Чем-то был похож на батони Беглари наш сосед дядя Лелек из квартиры на втором этаже. К балке ее основания был прикручен кронштейн центрального опорного столба спиральной лестницы, к которой, в свою очередь, были прикреплены так называемые забежные ступени. От ходьбы соседей по лестнице пол квартиры дяди Лелека аритмично подрагивал, и он, можно сказать, денно и нощно держал руку на пульсе дворового племени. Пан Карол-Ольгерд Гриневский, благородной внешности поляк лет восьмидесяти, реставратор старинных изделий грузинского прикладного искусства, был тоже очень восприимчивым интеллигентом старой школы, и терпеть не мог советскую власть.
Откуда Гриневский появился в нашем городе и доме, никто не знал. Возможно, его предки, высланные русским царем на Кавказ, бежали из российской армии и воевали на стороне Шамиля.

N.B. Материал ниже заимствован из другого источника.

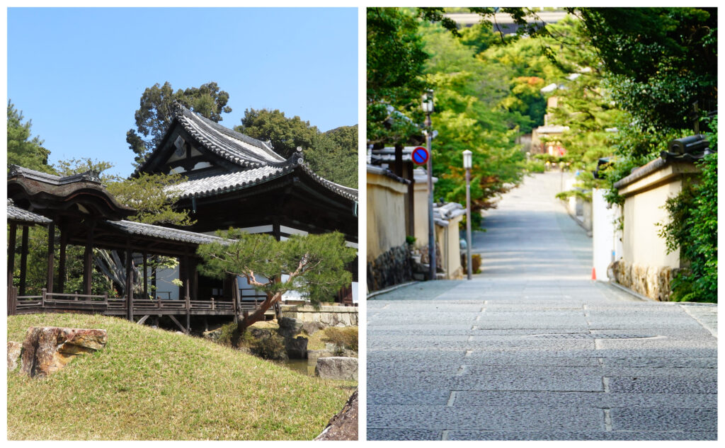 사찰 내부에는 히데요시와 네네를 모신 영묘가 있어 역사적 의미도 깊은 장소입니다. '네네의 길'은 고다이지에서 이어지는 역사적인 산책로로, 오래된 마을 풍경이 남아 있는 정취 있는 길입니다.
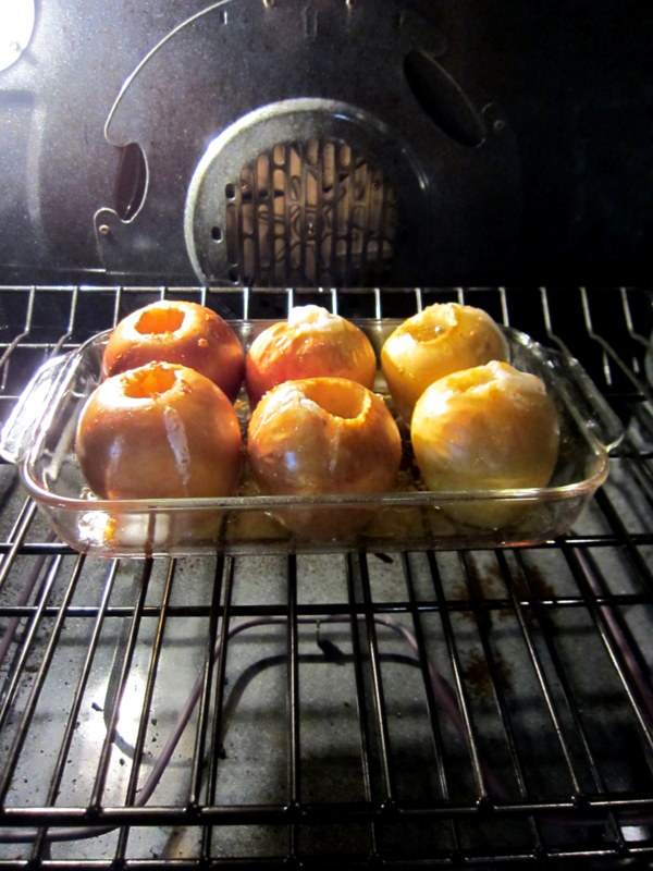 4 medium to large baking apples (Romes are great but hard to find; Golden Delicious work well and hold their shape but will split their skins.)
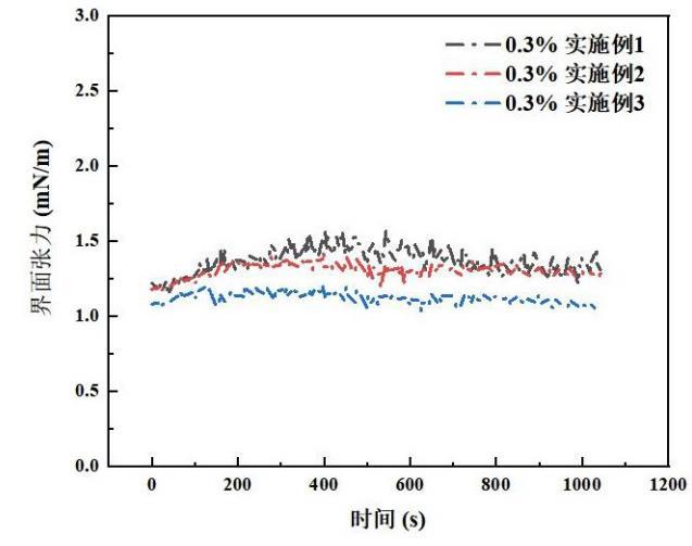 采用克呂士SDT旋轉(zhuǎn)滴界面張力儀分別測(cè)量原油(粘度723.7 mPa·s)滴入各實(shí)施例的地層水溶液后的界面張力(IFT),其中,各實(shí)施例在地層水中的質(zhì)量濃度為0.3%,并將原油滴入地層水中作為對(duì)照組進(jìn)行測(cè)量,測(cè)得對(duì)照組界面張力為21.6mN/m,其余各實(shí)施例測(cè)量結(jié)果如圖所示??梢钥吹剑团c三種實(shí)施例溶液混合后的體系的IFT可降低至1.25~1.46mN/m,證明了硅基納米原位乳化減阻劑具有良好的界面張力降低效果。
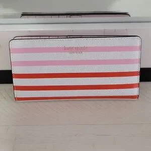 Kate Spade snap closure wallet. Pink, white, orange stripes. Perfect condition. Smoke free home. 12 slots for credit cards, with ID slot.
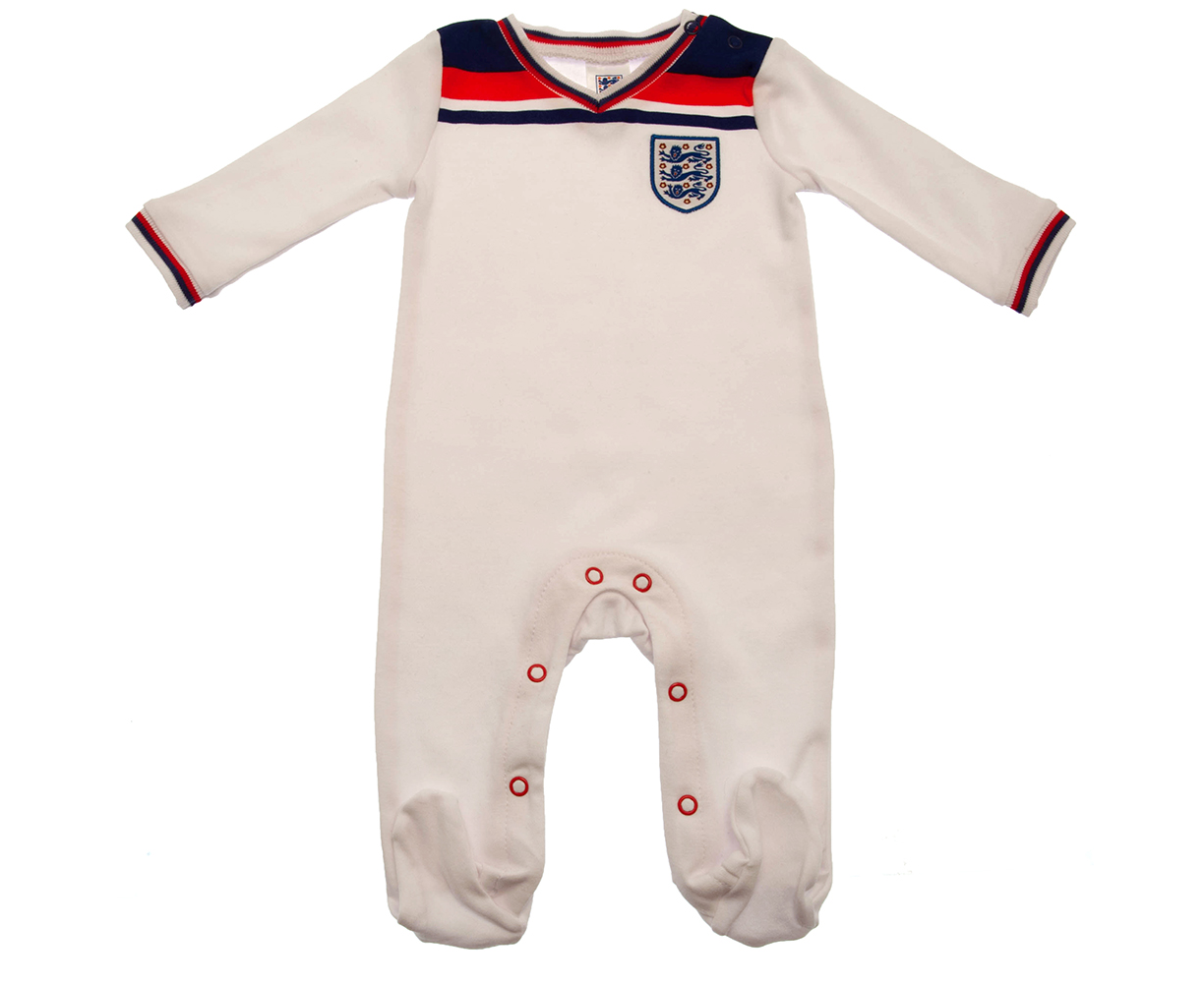 England Baby Sleepsuit 1982 Retro Home - 9/12 Months. Nice white colour sleepsuit for your little ones. It features England FA badge and is made in year 1982 Retro Home shirt theme. Sleepsuit is made of 100% Cotton and will be nice gift for England supporters. Official licensed product.
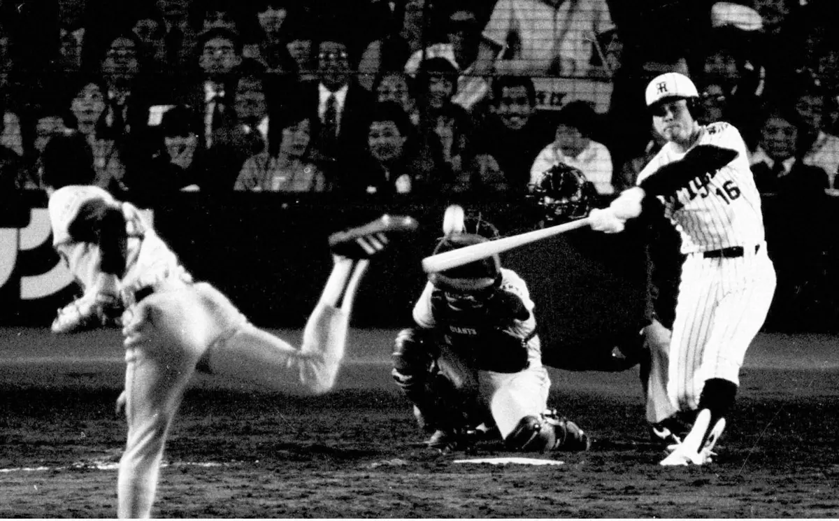 1985年4月17日、甲子園球場で岡田に3者連続本塁打となる中越えアーチを被弾する槙原
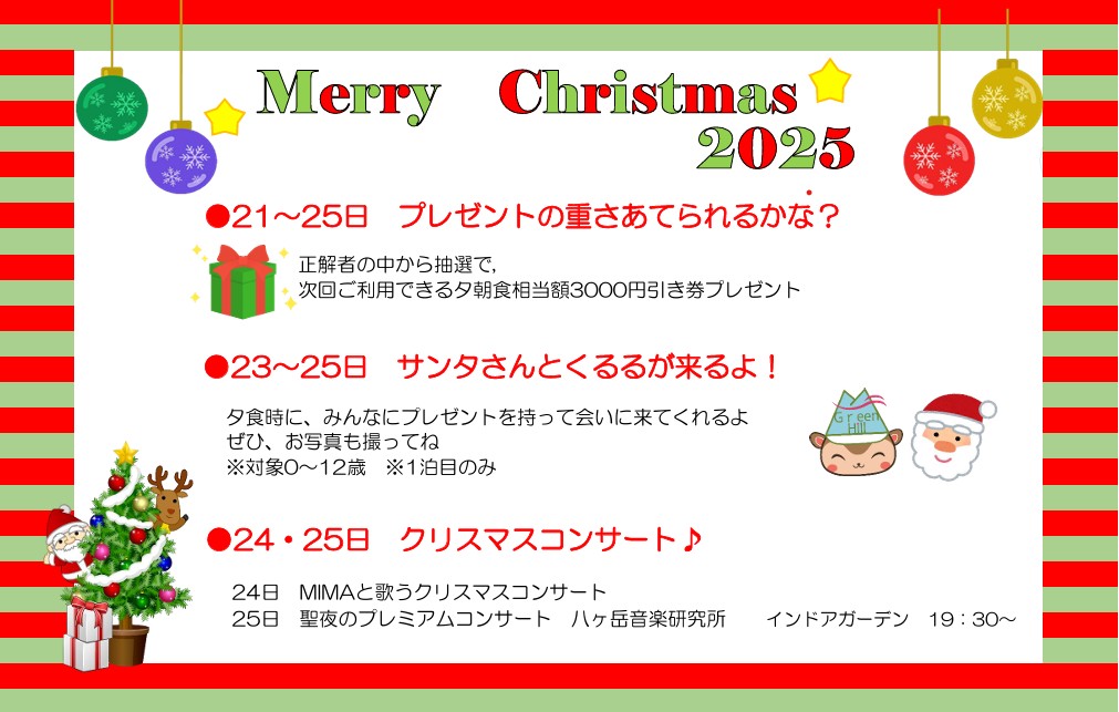 2025.08.25 2025年12月イベント一覧 天使が舞い降りるベルコンサート 【期間】2025年12月6日(土) 19:30~ 【内容】ノエルズによるミュージックベルコンサートです!お子様も楽しめるコンサートです! クリスマス目前!自分だけのマツボックリツリー作り 【期間】2025年12月13日・20日(土) 【内容】まつぼっくりをデコレーションして、クリスマスツリーを作ろう! 毎年恒例!フルーツ風呂で心も体もリフレッシュ! 【期間】2025年12月18日(木)~22日(月) 【内容】今年も大浴場でフルーツ風呂をお楽しいただけます。冬至の22日はゆず湯の予定です! グリーンヒル八ヶ岳 クリスマスウィーク 【期間】2025年12月21日(日)~25日(木) 【内容】今年もエントランスやレストラン外のイルミネーションを設置します! また、ミニゲーム「プレゼントの重さを当てよう!」もお楽しみに! MIMAと歌うクリスマスコンサート 【期間】2025年12月24日(水)19:30~ 【内容】MIMAさんによる、クリスマスイブの歌唱コンサートです。特別なクリスマスの思い出に! 聖夜のプレミアムコンサート ~木管五重奏による~ 【期間】2025年12月25日(木)19:30~ 【内容】八ヶ岳音楽研究所による、木管楽器コンサートです!特別なクリスマスの思い出に! 2025年11月イベント一覧 前の記事
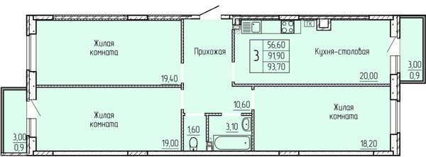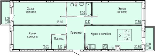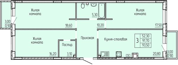 3-комнатная — 91,7 м²

Или он был родственником расстрелянного в 1937 году грузинского художника польского происхождения, исследователя архитектуры, одного из основателей Тбилисской Академии художеств Генрика Гриневского, о котором, как и о предводителе кавказских горцев имаме Шамиле, мы понятия не имели и не должны были иметь.
Дядя Лелек, привычно прогуливаясь по общему застекленному балкону-«шушабанди», иногда назло рядом живущему мундиру без улыбки, вохровцу Абелю Искандарову, вслух, с ехидцей читал наиболее тупые заголовки газеты «Правда» и хлестко их завершал фразой на родном языке: «Матка Боска Ченстоховска!» Сейчас-то я понимаю, как рисковал этот бесконечно наивный и раздраженный на нелепость окружающего мира человек.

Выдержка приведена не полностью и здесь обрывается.